Martin glanced over his shoulders into the shadows, as if his family stood behind him. They probably did, those stealthy fuckers. Jeff snorted. “I don’t know,” he said wearily, not caring much for what would happen to Martin and his family. Not anymore. Sick of playing tedious babysitting games.
“We have no chance in here.” Martin’s voice rose, growing more forceful with every word.
“I can’t let you go.”
Martin slammed his fists into the bars. “Goddamn you! We’ll die in here!”
“You know I can’t let you out. But I’ll think of something. You’ll be okay.”
“Bullshit,” Martin said, hands rattling the bars as if he’d be able to separate them. Jeff was grateful he couldn’t get out. “We’d be willing to take our chances out there along with everyone else. You can’t do this—” Silence again. Martin breathed deeply, clearly attempting composure. “We’re starving in here.”
“I said I’d think of something.”
“The news said prisons have been emptied.”
“They have, but—”
“There’s no reason to keep us here!”
“You know I can’t let you go.”
Martin yelled, kicked the bars. “Goddamn you. You’re killing us! We have to feed. We have a right to survive like anyone else!”

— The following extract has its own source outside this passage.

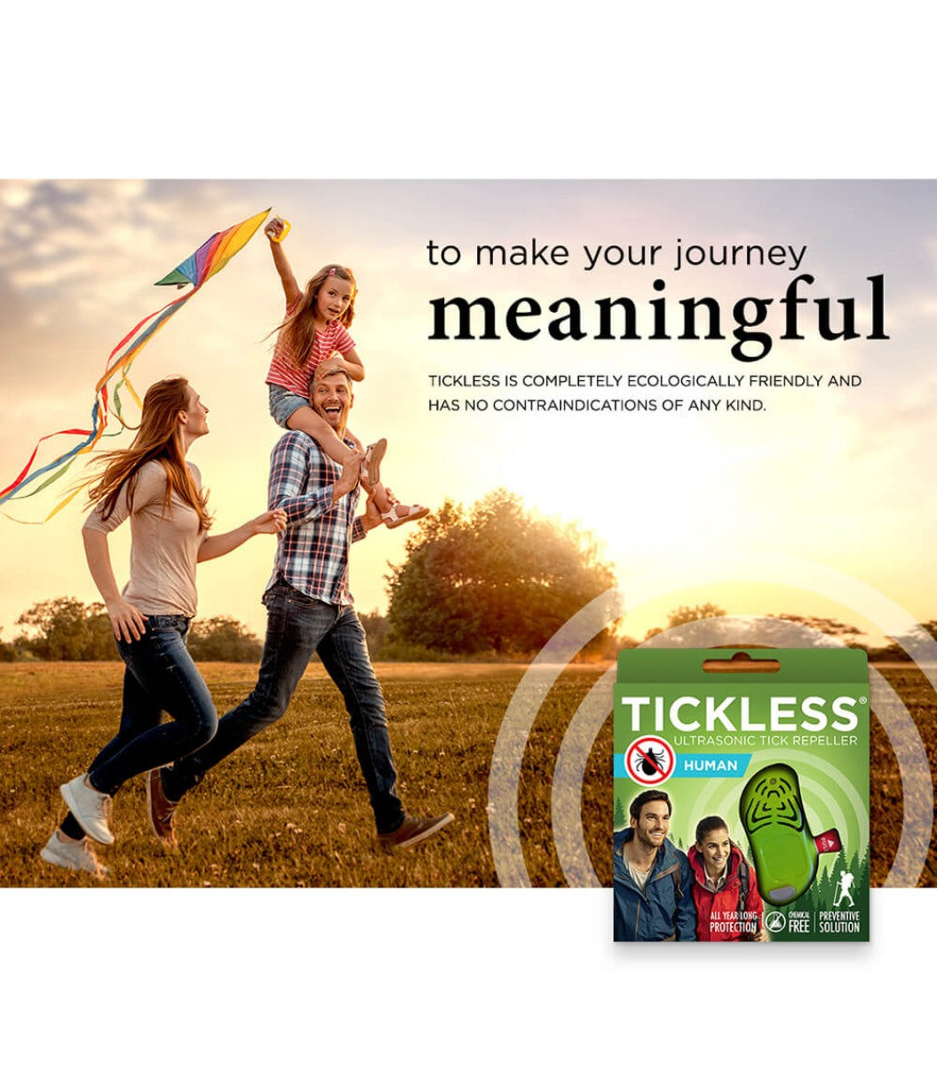 Tickless Human er den ideelle løsning til at holde flåter væk under udendørs aktiviteter som vandreture, havearbejde, jagt, gåture eller camping. Du skal blot fastgøre enheden til dit tøj, og den holder flåter væk i mindst 6 måneder, så hele din familie kan nyde naturen uden bekymringer.

From the shadows in the back of the cave Martin’s family moved toward them. Jeff knew them all but didn’t feel like sticking around to continue this argument.
“I’m sorry,” he said, moving away. “I’ll find you some food. There’s nothing else I can do.” He quickly left, separating himself from the misery of the cavernous cell, not wanting to deal with Martin or his family.

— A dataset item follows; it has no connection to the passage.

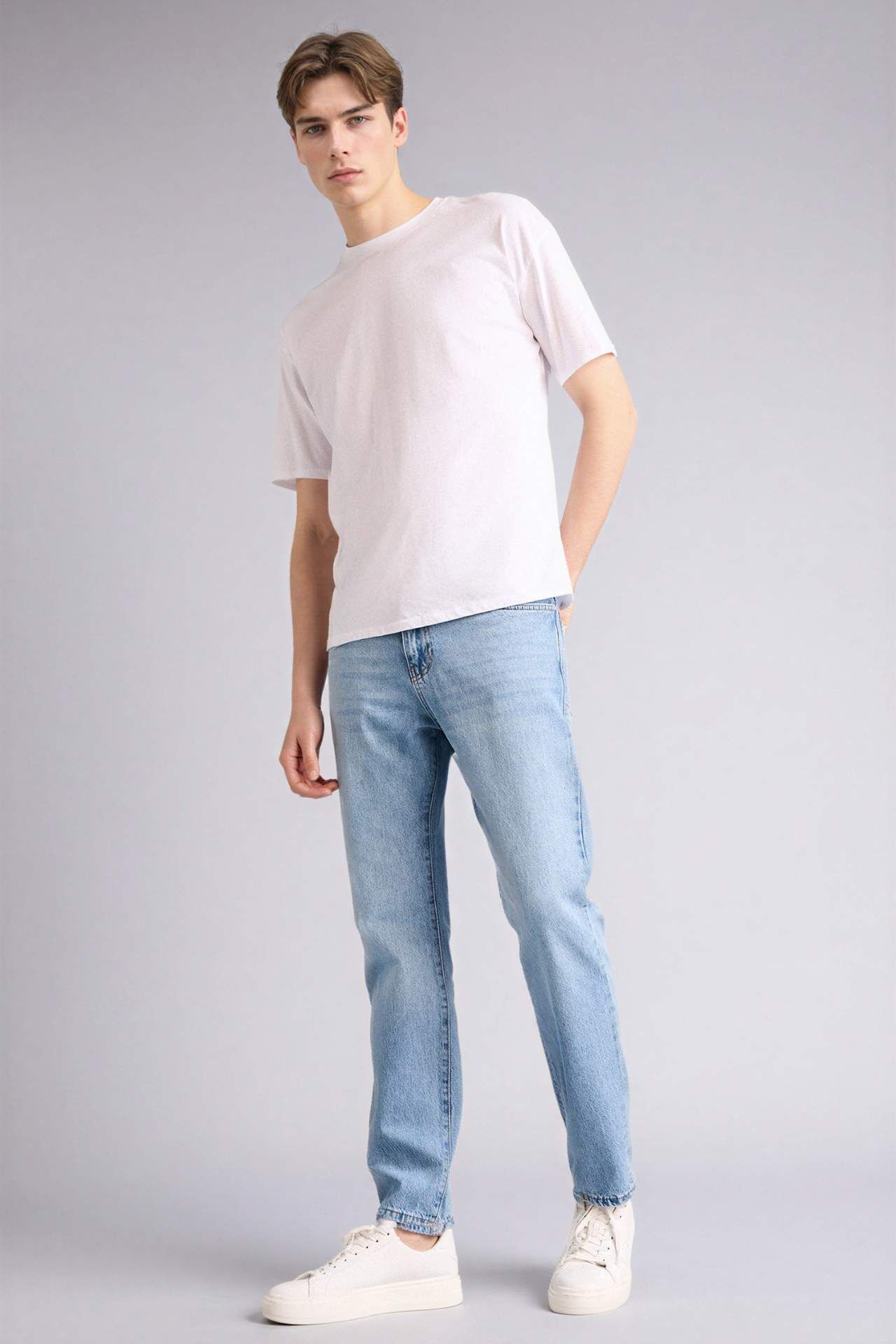 Straight Fit Pantolon, düz paça kesimiyle klasik ve zamansız bir görünüm sunar. Rahat kalıbı gün boyu konfor sağlarken, sade tasarımı günlük ve casual kombinlere kolayca uyum sağlar. Çok yönlü kullanıma uygun bir tercihtir. Pamuk 100% Manken Bedeni: Göğüs: 97 Boy: 1,87 Basen: 93 Bel: 95

He heard them shouting at him, yelling for him to come back. Mostly they were okay to deal with, pleasant enough. Mostly.
Few people knew about Martin and his family, as they referred to one another, though perhaps two of the seven were actually related. The military housed them, but only a handful knew what they were, why they were here. Jeff knew the army was great at keeping secrets.
He slammed the door and sat at his desk, dropping his head into his palms. Not only had he inherited the office from his father, he’d inherited the assignment.